To the west of Rosedale, on 36th Street, is a later house, also very much a house of its time. In 1937, Waldron Faulkner, father of Winthrop and son-in-law to the Coonleys, built a high-art-moderne house. The house presents a pristine symmetry to the street, not a leaf of its guardian trees out of place. Even today the house looks modern, and appropriately so. It basks on an acre and a half of land.
In 1969, Rosedale's manor house and seven acres were bought by the National Cathedral School for Girls. Despite protests from the neighbors, dormitories were builtbehind. The buildings were designed by Waldron Faulkner's old firm with another son, Avery Faulkner, (the firm is now Faulkner, Frye and Vanderpool.) The controversy caused them to be built rather close to Rosedale manor house, but at least the house's view and the street's view of Rosedale were preserved.

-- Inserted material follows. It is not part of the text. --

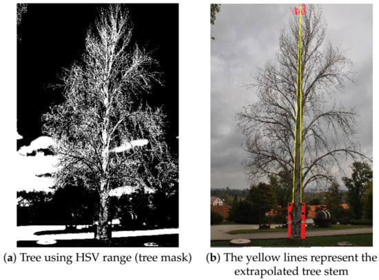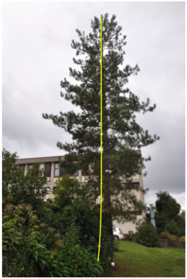 The proportion transformation method was especially developed to estimate the tree height if the image shows the full tree. It is based on the methods used in [,]. The first step of the method is to determine the highest point found in the tree, using image processing methods similar to the ones applied in Section 5.2 for target extraction. The lowest point of the tree image is also detected, using the red target as a guide line to find the tree bottom. The height of the tree in pixels is then calculated, as the distance from the top to the bottom. This distance is then scaled to real world values, using Equation (2). Figure 5 illustrates the concept. Figure 5a shows one image of the tree contrasted against the background. The tree is binarized and the top and bottom points are then easier to find in the binary image. Figure 5b shows the original colour image, but with the yellow lines showing the approximate cone of the tree stem.

In 1963 and 1968, Winthrop Faulkner built expansive houses for his own family - the first one when they had three children, the second when they had five. The large glass areas and honest '60s contemporary design won them awards.
The Winthrop Faulkners now plan to live in one of the three new houses being built, their third, their family's fifth house on the block.
And these houses too, are very much houses of their time, the late '70s. In this they contrast strongly with the fake federal-front, "three-F" houses now being built on too many of Washington's empty spaces. So many wonderful opportunities have been lost in the city. Consider the Henderson castle on 16th Street NW, where the name (why not Castle Court or Henderson Houses instead of going out of town for a name like Beekman Place), the history and the view all have been lost.
Where splendid contemporary houses with glass walls to the sunny south (with a superb view of the city) could have been built, we have a mass of fake shutters and meaningless federal frills. But this is just one of the prevailing patterns of pastiche. We We tear down fine old houses of their period to replace them woth less solidly built imitations.
Faulkner has made no such error. His three new houses are geometric cubes, in what passes for high-1977 style. But they also answer concrete concerns of the day. Each house has a bank of sloar collectors, carefully set at a 60-degree angle in a mansard roof. The houses are sited so none of the three will shadow the other.
There are virtually no windows on the north side of the house, both to protect against the north wind and to provide privacy. The decks on the east side have awnings (a shading device too often forgotten) which will add a bit of color to the painted-brick houses as well as shade the second-floor decks.
The half-acre, triangular site has been laid out by Faulkner, with help from landscape architect Lester Collins, so each house has about the same square footage of land, but a section has been saved in back for a community swimming pool and fenced-in garden.
Probably the most handsome aspect of the houses is the seven-foot-high brick fence, so called because it is built of piers and four-inch walls. The wall gives each house a courtyard, private from the street. In the rear, a part of this wall is replaced by wrought iron to give a view of Rosedale.
Pear trees will peep over the brick fence at intervals. And tall weeping trees will shadow the east sun. Richard Cimermanis, the contractor, has accomplished some savings by building all three houses at one time, bringing the cost for the houses' 3,600 square feet plus basement to an economical $20 a square foot.
The houses are certainly not Rosedale, nor do they have 998-acre lawns. But they are good houses on good lots for their day. And what more can you ask of architecture?